For International Women's Day this year there was a call for women to place a value on the work they do in the home so that at the very least their contribution could for the first time carry a price tag. Perhaps because the country would have come to a standstill there was not a call for a strike although this would have dramatically demonstrated the extent and value of women's work!

The Asian miracle
John Naisbitt, American writer and leading trend forecaster who has witnessed the Asian 'miracle' firsthand has identified the transformation from male dominance to the emergence of women as pivotal to the economic explosion which has taken place in that region in which significantly the feminist movement is all but non-existent.

It has taken no more than two decades for women in Asia to make such remarkable inroads into business, academia and politics that despite the stereotype, women's participation in the workforce across Asia almost mirrors that of Europe. As Naisbitt points out in his book Megatrends Asia:

* Five out of six businesses in Japan are created by women.

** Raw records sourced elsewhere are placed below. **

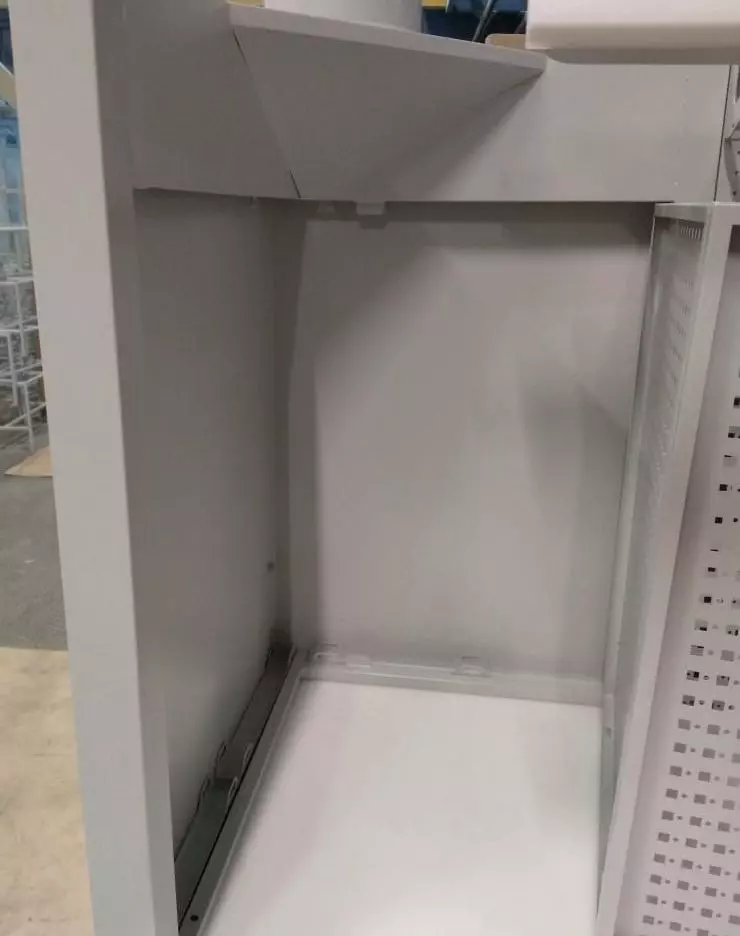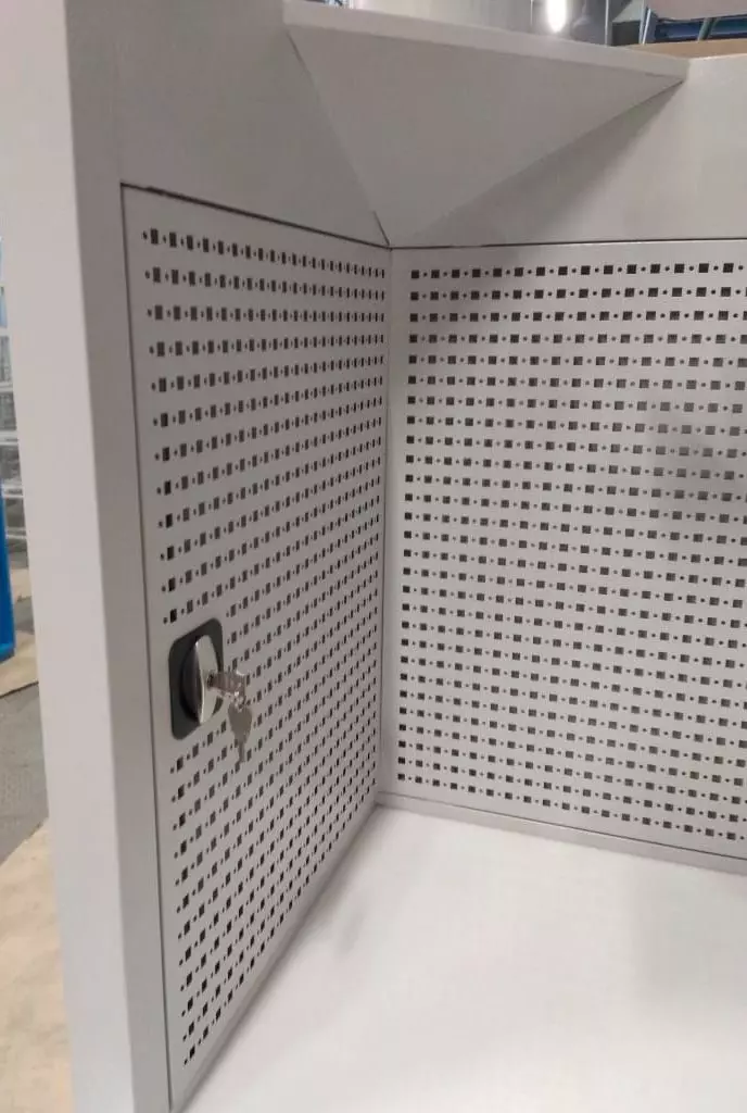- Освободили рабочую поверхность от проводов с помощью специального тайника, который разместили в угловой части перфорированного экрана.
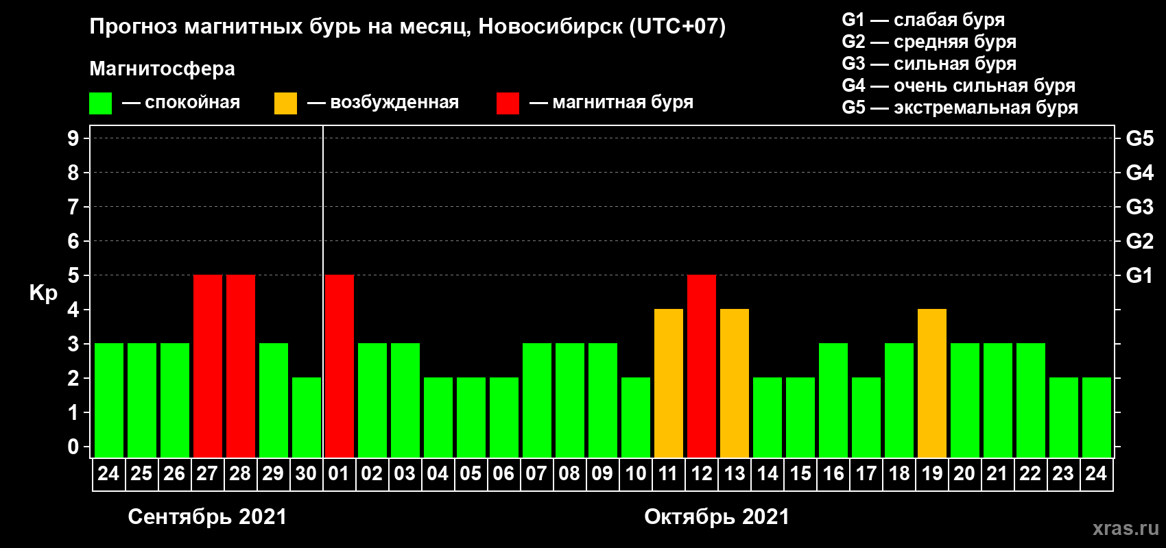 Прогноз магнитных бурь в Новосибирске — 24 сентября 2021 года
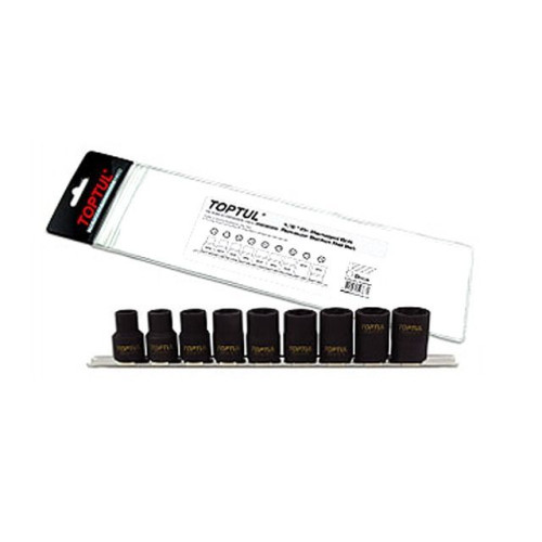 Набор головок 1/2" 10-19мм для сорв. граней 9предм. на подвесе TOPTUL

* In Singapore, 38 per cent of women managers own their own firms and about 20 per cent of business owners are women.

* In China women make up one-third of the self-employed.

* In the Malaya State of Kelantan women generally are the breadwinners.

Asia still has its disparities between women and men and between rural and the more educated urban women with greater opportunities. Yet the changes are obvious. Women now play significant roles in finance, the media - both ownership and journalism - dominate fashion, science and technology, politics, administration, health care and education. This trend will only increase as more educated and assertive women move into positions of employers, administrators and decision makers without the chauvinistic baggage which karmic retribution seems to impose on men.

Tapping into the female resource base
As Guyana seeks to develop it has to adopt and pursue policies that harness the energies of women. There is a clear need for women-driven economics that respond to the unwitting but inherent prejudices of the Financial Institutions Act which discourages lending to persons without security (read women), that encourage women to join the workforce and that recognise the limitations which the current structures and systems impose on women.

It is heartening to see our constitutional re-framers thinking in terms of gender democracy which hopefully will apply to all sectors of the society. Resources have to be made available to the social sectors to meet the needs of women and the family for which they bear principal responsibility. Those civic-minded Guyanese who are crafting the revised National Development Strategy (NDS) must come up with creative recommendations if the NDS is to make a real impact. The male-dominated private sector must come out of the caves and into the twenty-first century.

In the final analysis however the development of women and the country will depend on the initiatives and entrepreneurial drive of women themselves. They are educated, have the ability and skills and can access the technology to propel themselves and the country forward. They need to organise themselves, lobby and set up infrastructure and support groups to help each other. They should not expect too much encouragement or assistance from the men.